| Pessimismus. |
|
Geschichtsphilosophie, Metaphysik und Moderne. |
|
Berlin: Akademie Verlag 1997 |
Das Buch gibt eine grundsätzliche Neubewertung der pessimistischen Metaphysik und Kulturkritik von Schopenhauer über Nietzsche und Burckhardt bis zu Spenglers Untergang des Abendlandes. Berücksichtigt werden auch bislang weitgehend unbekannte Quellen des populärwissenschaftlichen und literarischen Pessimismus im 19. Jahrhundert. Die zentrale These lautet, daß es sich hier um einen vermittelten, einen ›sekundären Pessimismus‹ handelt. Dessen Entstehung läßt sich nicht – wie bislang angenommen – aus einer Krise erklären. Entscheidend ist vielmehr ein ganz bewußt vollzogener Perspektivwechsel. Während die Leibnizsche Theodizee ebenso wie der aufklärerische Optimismus die Perspektive des von Gott wohlgeordneten Ganzen einnimmt, in dem das individuell erfahrene Böse zur unbeträchtlichen Randerscheinung deklariert wird, argumentieren die Pessimisten aus der Sicht des Individuums. Neu ist also nicht das Leid, neu ist lediglich die Bereitschaft, dieses Leid, aber auch die unerfüllten Glücksansprüche zum Maßstab zu machen, an dem die fundamentale Unzulänglichkeit des Bestehenden aufgewiesen wird.

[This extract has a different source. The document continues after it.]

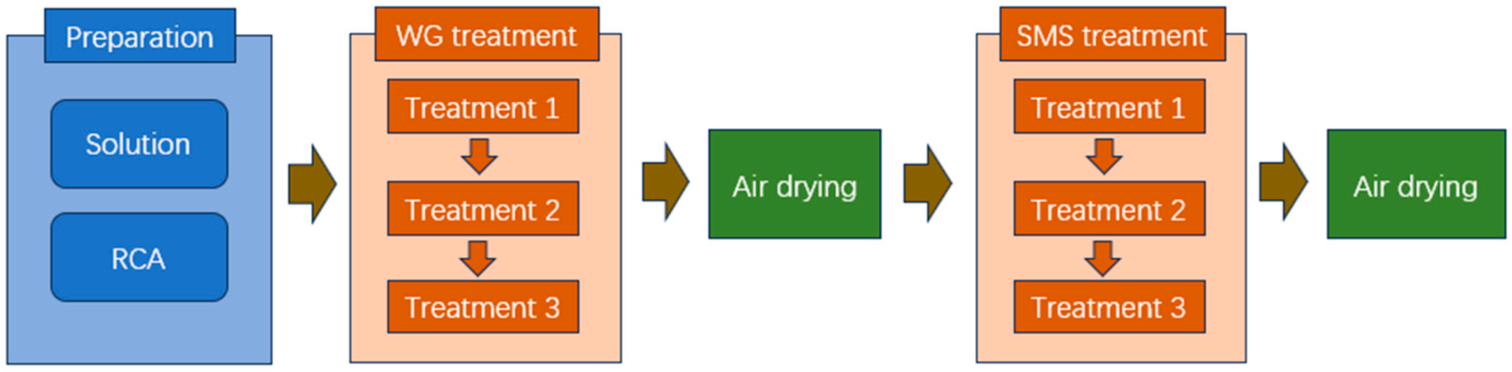 To save materials, the spraying method was adopted to treat RCA, and the schematic of the spraying system is shown in [35]. A single spraying cycle consists of spraying solution for 10 s, followed by a 10 s interval. To ensure thorough absorption of the RCA, three spraying cycles were performed. During the spraying treatment, the RCA was kept in a vibrating state. The treatment process, using either WG solution or SMS solution alone, is shown in Figure 3. The treatment process using both WG and SMS solutions for RCA is shown in Figure 4. The test scheme is listed in Table 3. The preparation of all solutions was controlled according to the mass percentage.

Die schwarze Farbe, die die Pessimisten auftragen, hat mit der Wirklichkeit wenig mehr zu tun als der ältere Goldglanz. Dennoch wird hier ein wichtiger Schritt vollzogen: Die Zerstörung jener autoritativen Sinnstiftungen schafft den Raum, in der das Subjekt - als Kritiker wie als Opfer - seine Interessen und seine Sichtweise zur Geltung bringen kann.
Aus dem Inhalt:
Metaphysik und Geschichtsphilosophie - Pessimismus im 19. Jahrhundert
Metaphysischer Pessimismus - Kulturpessimismus - Dekadenz - Subjekt und Masse - Weltschmerz - Pessimismus nach der Jahrhundertwende: Konservative Entwürfe - Utopien Die Perspektive des Pessimismus
Leseprobe (p. 211-214)
Fazit:
Die Perspektive des Pessimismus
Wenn Spengler seine
Untergangsprophezeiungen zu einer Zeit entwickelt, in der er selbst davon
überzeugt ist, daß sich die historische Lage in der näheren Zukunft zum
Besseren wenden werde, dann demonstriert dies ein letztes Mal die
Unabhängigkeit der pessimistischen Wirklichkeitsdeutungen von der konkreten
historischen Situation. Ebenso wie die optimistischen Fortschrittsprognosen der
Aufklärung hatte sich der Pessimismus längst gegen die Empirie immunisiert – so
kann Spengler etwa die von ihm bewunderte Grandiosität der
Zivilisationsleistungen seiner eigenen Gegenwart mühelos als Indiz des Verfalls
interpretieren, schließlich verrate sich hier die ›sinkende Gestaltungskraft
alternder Kulturen‹.
Tatsächlich erklärt sich die
Entstehung und Ausbreitung pessimistischer Theorien in der Nachfolge
Schopenhauers aus einem ganzen Bündel von subjektiven Motiven und objektiven Entstehungsbedingungen.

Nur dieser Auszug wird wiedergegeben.